A Reed College Grad Discovers Plastic-Eating Microbes

Morgan Vague in the lab
Image: Courtesy Nina Johnson
Reed College student Morgan Vague was in search of microbes that eat man-made scourges—plastic and other pollutants—for a biology course. She weighed potential destinations.
“I started thinking, OK, if there are bacteria that can break down plastics and pollutants, they’re probably going to be in highly polluted areas,” she says. Following that logic, Vague used a visit to her home state to gather some Texan soil from notoriously polluted Galveston Bay. She smuggled it back through airport security in a zip-top bag labeled “nostalgic beach sand.” Back on campus, she found more than 300 strains of microbes in the sample. An enzymatic test narrowed the ones that might consume plastic down to three, which she tested on plastic water bottles. When she recorded molecular-level degradation of the plastic, Vague felt a rush of adrenaline.

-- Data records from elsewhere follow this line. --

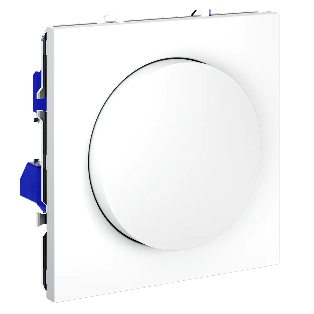 Устройство работает как полноценный выключатель (нажатие включает/выключает свет) и как диммер (поворот регулирует яркость от 5 до 600 Вт). Совместим с светодиодными, галогенными и лампами накаливания, поддерживающими фазовое диммирование, включая современные LED-источники благодаря технологии отсечки по заднему фронту — без мерцания, шума и резких скачков напряжения.
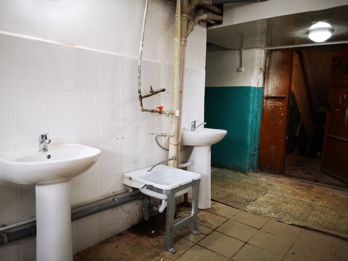 В туалетах грязно, где-то неконтролируемо бежит вода, а в женской части и вовсе повалилась стена.
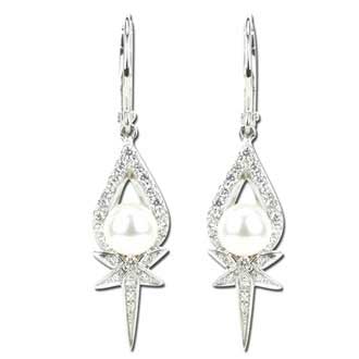 14K White Gold Pair Freshwater Cultured Pearl And Diamond Earring
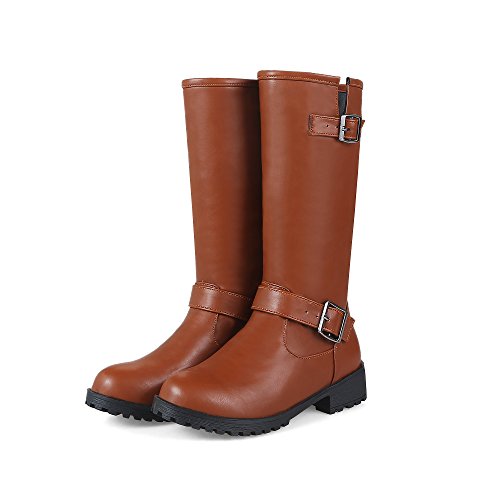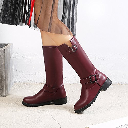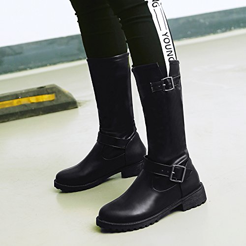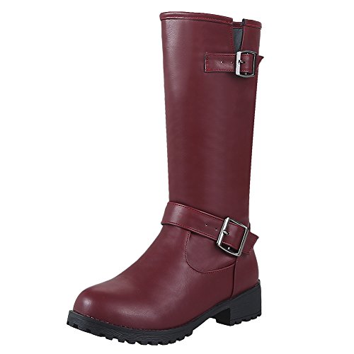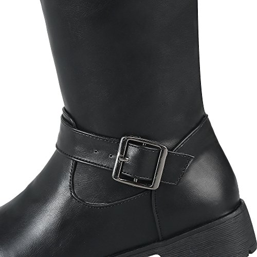 (Show Shine)/Women's/Boots/DIRECT FROM USA/Show Shine Women's Buckles Chunky Heel Mid Calf Harness Boots
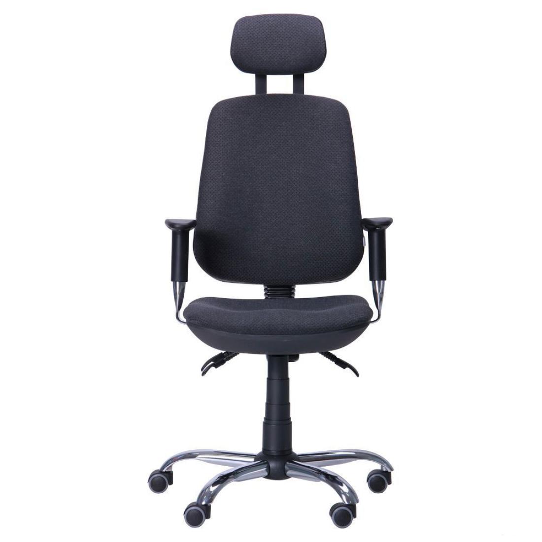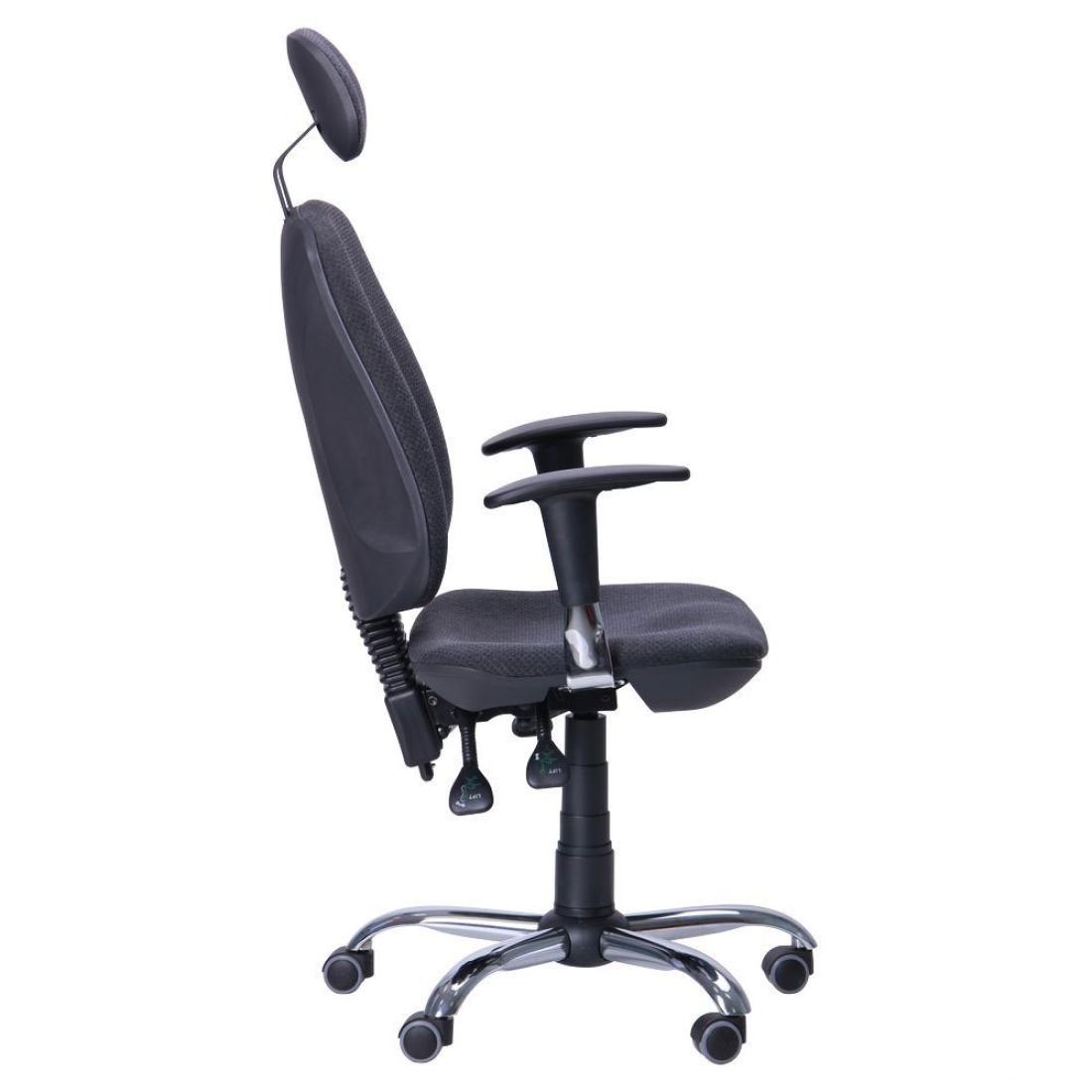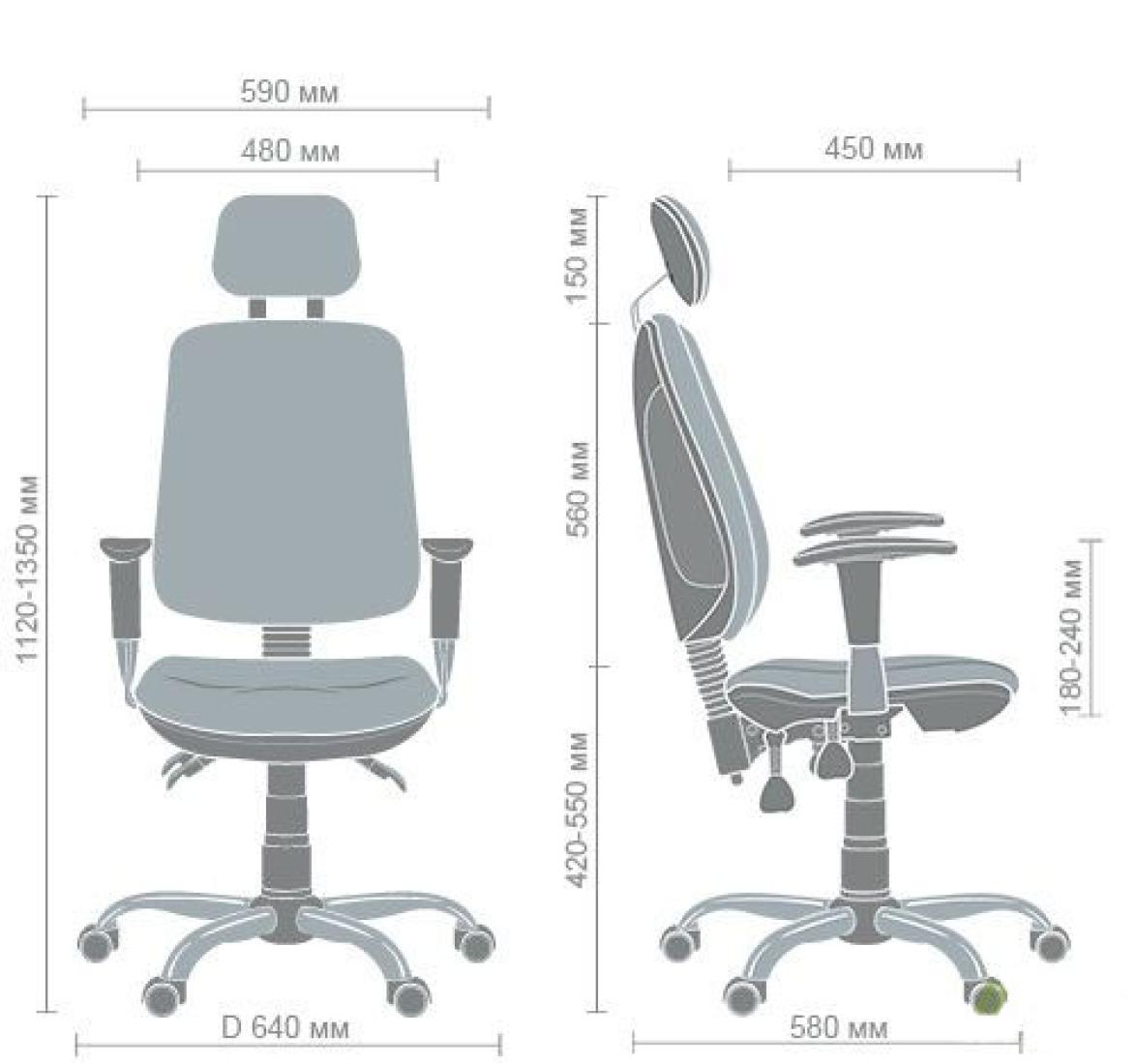 Підлокітники. Масивні підлокітники Т-подібної форми в даному кріслі комбіновані. Основа виготовлена з блискучого металу, а робоча частина - з поліуретану. Робоча поверхня підлокітників широка, що забезпечить рукам надійну опору. Поверхня пластика текстурированная, приємна на дотик, щоб руки не зсковзували з неї під час роботи. Висота підлокітників в нижньому положенні сидіння дозволяє наблизити крісло впритул до столу для збільшення вільного простору приміщення.
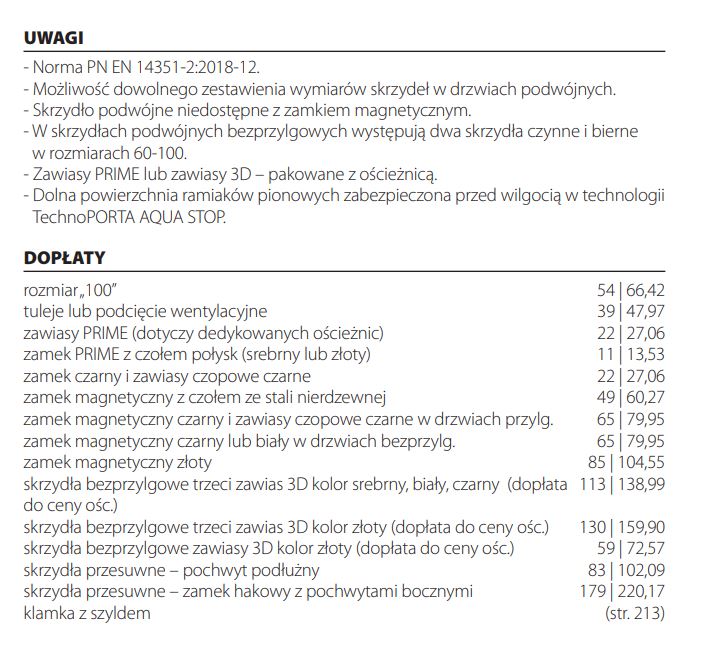 * Cena dotyczy skrzydła drzwiowego (VAT 8%)
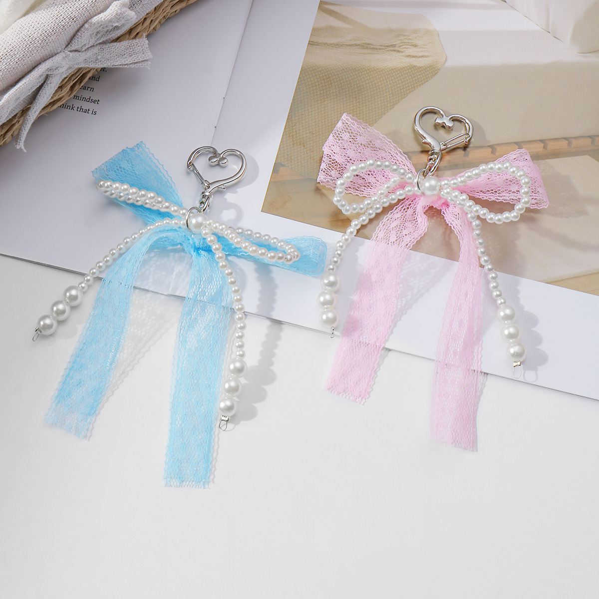 クロスボーダーの爆発的な甘いカジュアルな組み合わせの手作りのビーズは真珠のレースの蝶結びの愛のキーホルダーに似せています。

“So much of science is experimentation,” says Vague, who graduated this year. “You know, you have ideas based off of what sounds reasonable. But nature is a very tricky thing, so you don’t always know what’s going to work. When I saw colonization I just freaked out. I think I texted my mom at work.”
The next step: finding a way to speed up degradation for industrial use. “We know they’re out there,” she says, “so we might as well make them work for us.”